Штааль поднялся и стал прощаться.
– Нет, вы посидите, – заметил Воронцов, положив ему руку на плечо. – Мы еще поговорим. Я отлучусь всего на пять минут, уложу сына. Прошу меня извинить. Оставляю вам журналы и ликеры… Только много не пейте, это вредно, – прибавил он добродушно, уводя засыпавшего на ходу мальчика.

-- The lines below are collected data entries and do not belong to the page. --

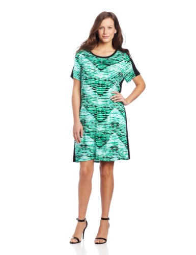 Calvin Klein Women's Printed T Shirt Dress, Emerald/Nile Multi, 0X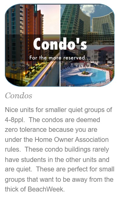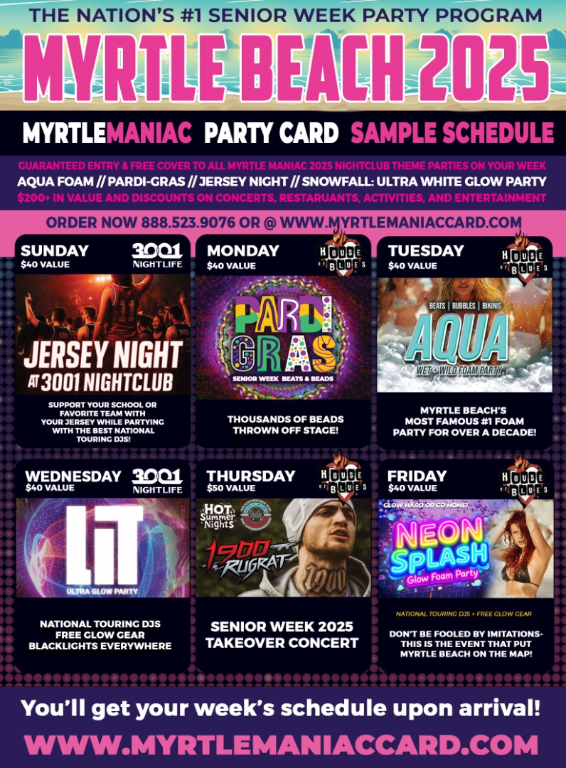 For over 30 years we have provided housing to all students celebrating the "Hassle for the Tassle"! As you spend your days making memories that last long after the tan fades away, we also help you drift through the moonlight more easily, we offer you a discounted half price for a pre ordered Myrtle Maniac Card thru us in the Myrtle Beach Tours Shore Store. Don't forget your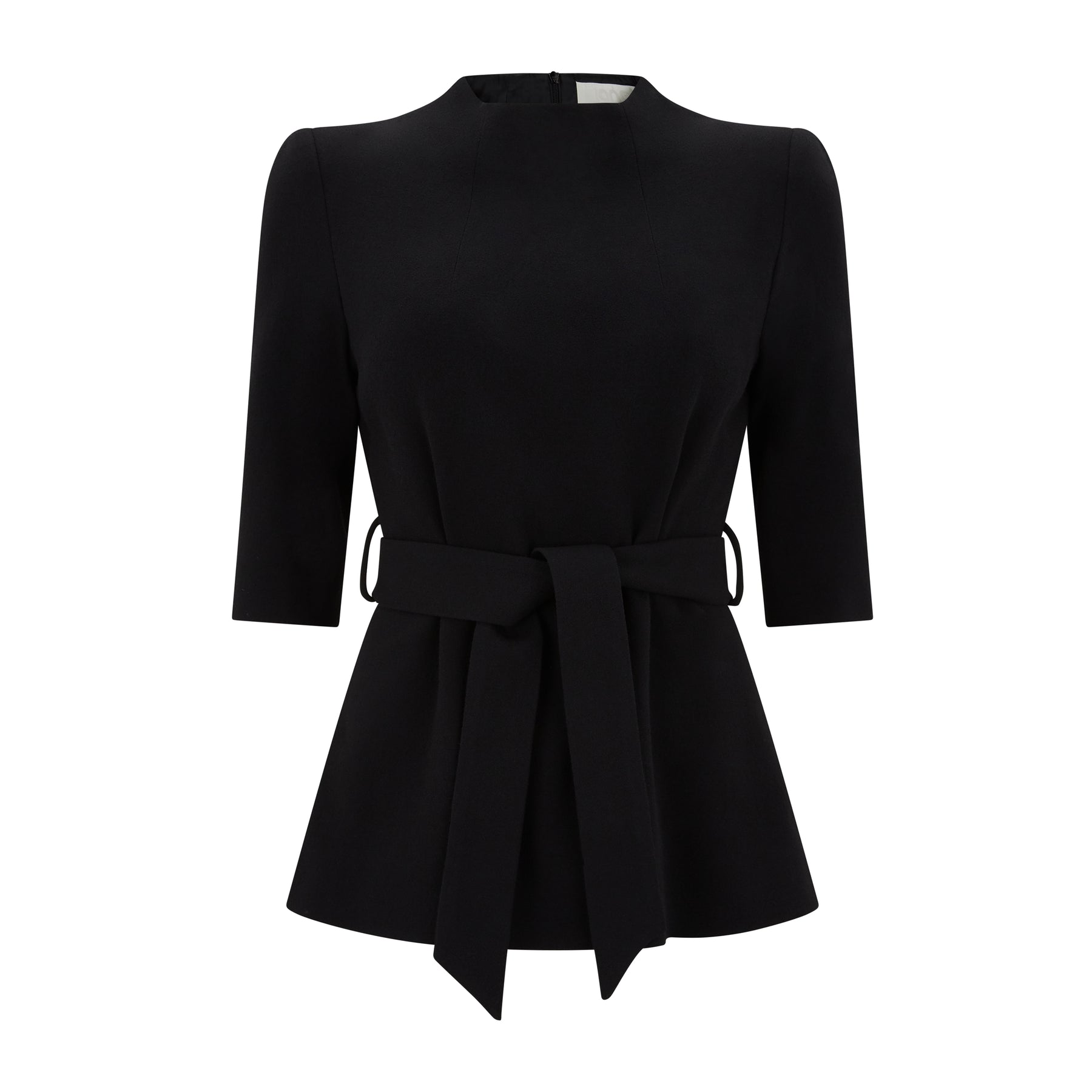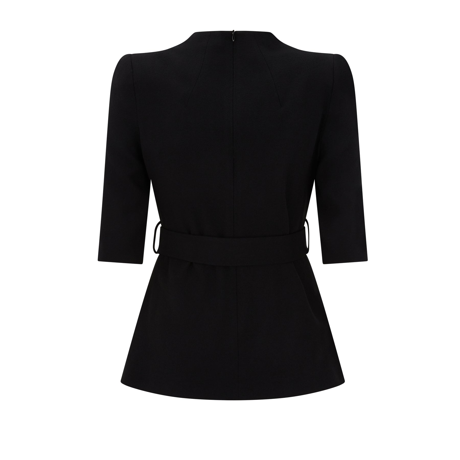 Jane Viola top features a slightly raised neckline and shoulders, longline darts on the bodice and a removeable belt to create a slim line, flattering shape. Concealed centre back zip closure. Pair with Kian wool crepe pencil skirt for the full look.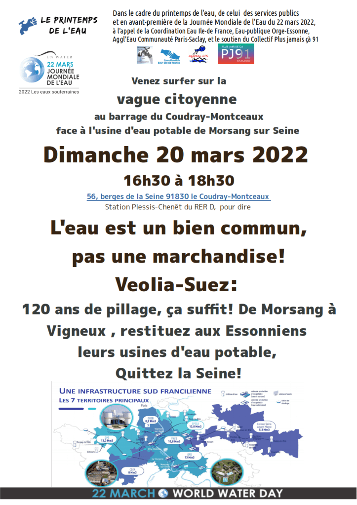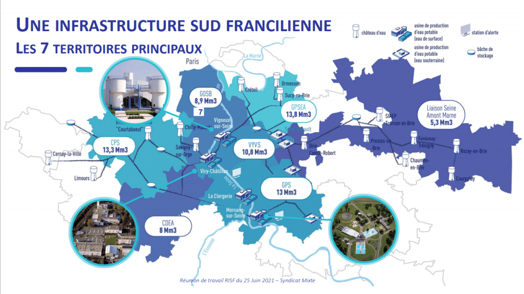 –Palaiseau, alimentée également par de l’eau prélevée dans la Seine, mais cette fois par l’usine du SEDIF concédée à Veolia à Choisy-le-Roi, au même titre que les autres communes du sud franciliens alimentées à partir de cette usine
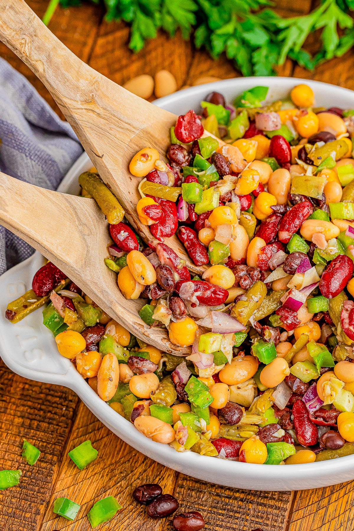 Easy 5 Bean Salad 🫘🙌🏻🥗The BEST bean salad with 5 types of beans, artichoke hearts, red onions, veggies, and takes just 10 MINUTES to prepare! Everything is tossed in a tangy, savory yet slightly sweet vinaigrette that ties everything together perfectly. Serve this as a protein-packed side dish for dinner, at picnics and potlucks, or as a stand-alone healthy lunch option. The recipe is EXTREMELY flexible, too!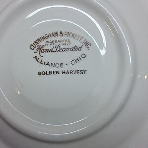 Vintage Homer Laughlin Century Service Autumn gold tea cup and matching saucer set of 3, featuring a yellow wheat pattern with gold trim. These cups were made in the USA in the 1950's and 1960's. They are made of porcelain or bone china. All preowned. No chips or cracks.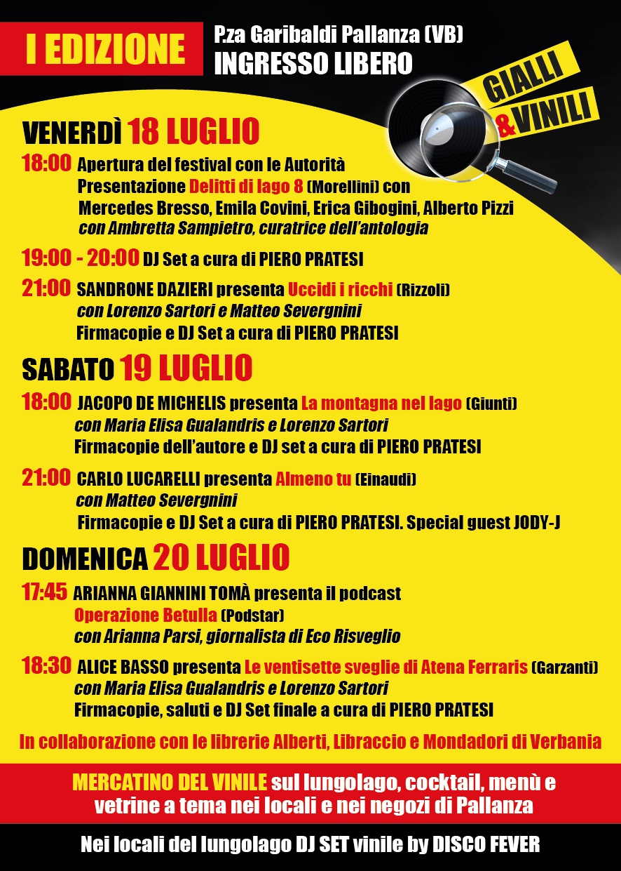 Gialli & Vinili , Festival di Storie & Musica in collaborazione con Città di Verbania, Pro loco Verbania, librerie Alberti, Libraccio e Mondadori.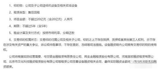 5月20日,晨鳴紙業發布公告稱,進一步拓寬公司融資渠道,盡快調整長中短期借款結構,該公司及其相關子公司擬通過交銀金融租賃有限責任公司、民生金融租賃股份有限公司、河南國宏融資租賃有限公司、北京市文化科技融資租賃股份有限公司等租賃公司開展設備融資業務,融資金額不超過人民幣20億元 (含20億元),融資期限不超過5年(含5年)。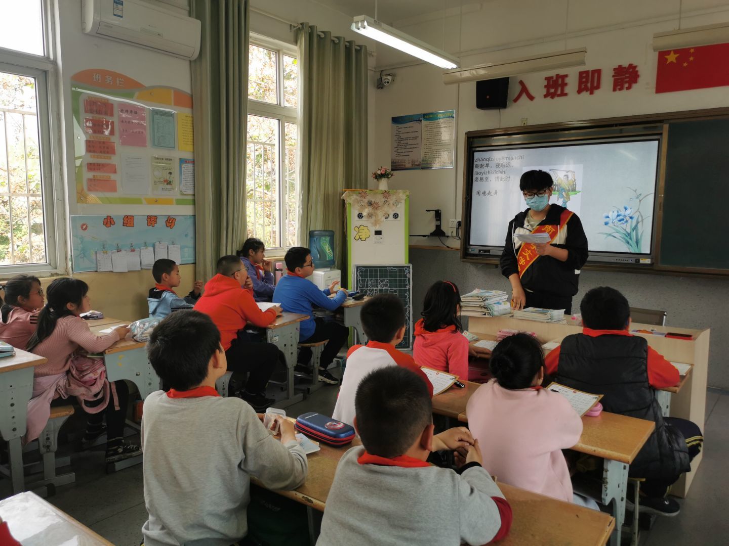 活动开始前,志愿者们与杨庄小学教师们主动交接,在了解各年级学生课堂进度后,合理制作PPT,以保证授课的质量和针对性。活动开展过程中,每个班级分配有两名志愿者,一名志愿者用闻鸡起舞、宋濂抄书等故事生动形象地讲解冠正、衣洁、从容等道理,让学生更清晰地了解优秀传统文化的深刻内涵,之后与同学们一起学习作揖礼,在琅琅读书声中辨字音、明字义,另一名志愿者则负责维持课堂纪律,保证课堂进度,营造活跃的课堂氛围,使学生能够投入进来认真学习《弟子规》的精神内涵。两位志愿者相辅相成,共同完成了教学任务,并采用提问加分制的形式,与学生进行了积极友好的互动。最终,活动在同学们的热烈掌声中圆满结束。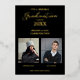 Double Graduation Real Golden Black Whimsical Modern Calligraphy 2 Photos Siblings Metallic Foil Invitation Card with Envelope.
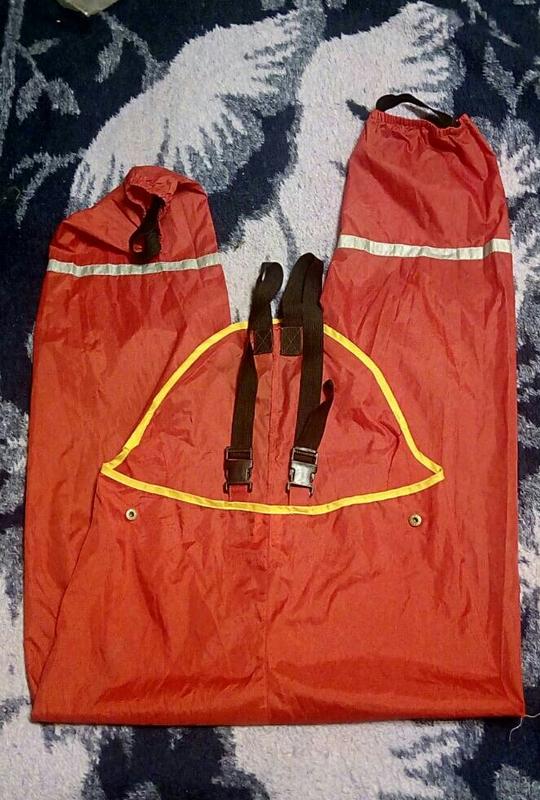 Червоні штани на підтяжках.На штанках внизу - світловідбивні смужки.Закрита спина.Застіібки зпереді. Можна носити поверх теплих спортивних штанів 👉 +5грн (за пакування і % шафі )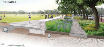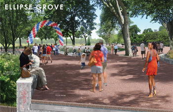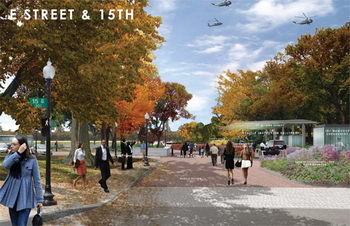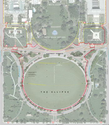 南總統公園是華盛頓居民和國內外游客的目的地。作為一個向總統情愿的平臺,這是一個展現開放社會安全性的完美場地。我們對E街和橢圓草坪整體全面的規劃,將有利于安全服務,便利設施也有利于公眾利用公共空間。近些年來,白宮的安全保衛措施與周圍的公共空間的保護脫節。總統公園是一系列未連接的室外空間區域。橢圓草坪被從白宮宅地分割出來。E街雖鄰近交通道路卻未能作被公眾使用開放使用。新的設計必須依據現有的資源,例如景觀和橢圓草坪的尺度,連續E街的公眾特性,將現在的需求與公園原來的規劃目的結合起來,以此重建一個有強大視覺沖擊里的自由文化景觀。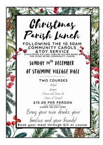 After the Carols / Toy Service. Please sign the notice in the church porch if you wish to attend. See Gill (07952 354684) or Louise with any questions / to choose your food.
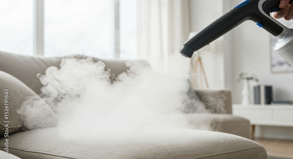 Close up of a person using a handheld steam cleaner to sanitize and refresh a fabric sofa in a modern living room. Deep cleaning upholstery for a hygienic home environment. #1526191842

Штааль взял для приличия газету и подумал было, уж не обидеться ли ему на Воронцова за последние слова: дипломату постарше посланник не сделал бы такого указания. Но он тотчас почувствовал, что ни в каком случае не обидится на Семена Романовича, ибо немного влюблен в этого красивого, умного и столько видевшего на своем веку человека. Ему даже было приятно дружелюбно-властное обращение с ним Воронцова – и он чуть-чуть завидовал Мишеньке. Когда посол вернулся, у них началась долгая задушевная беседа. Штааль перешел инстинктивно на русский язык и слово за слово рассказал слушавшему ласково Воронцову всю свою жизнь, очень искренне, – почти не прикрашивая, – от первых школьных впечатлений до встречи с Кантом в Кёнингсберге. Он был чрезвычайно удивлен, когда Семен Романович заметил, что этот Кант имеет у ученых людей репутацию величайшего философа в мире. Так, по крайней мере, говорил графу английский философ Нитш, большой знаток предмета. Штааль не мог поверить, что случайно встреченный им дряхлый, добрый старичок в потертом кафтане был новый Декарт. Это сообщение произвело на него сильное впечатление.
После ухода Штааля – совершенно очарованный Семеном Романовичем, он покинул миссию очень поздно – Воронцов еще долго сидел у камина, смотря задумчиво на огонь и рассеянно подталкивая железным прутом тлеющие уголья. Мысли русского посланника были печальны. Этот юноша хоть и несколько бесцветный («в его годы, впрочем, молодые люди всегда довольно бесцветны») и уж немного испорченный ими в Петербурге, но все-таки славный по природе, напомнил графу его самого в 1762 году. Воспоминание о 1762 годе было приятно Воронцову, но вместе с тем оно поднимало ряд чувств, которые он не любил в себе вызывать.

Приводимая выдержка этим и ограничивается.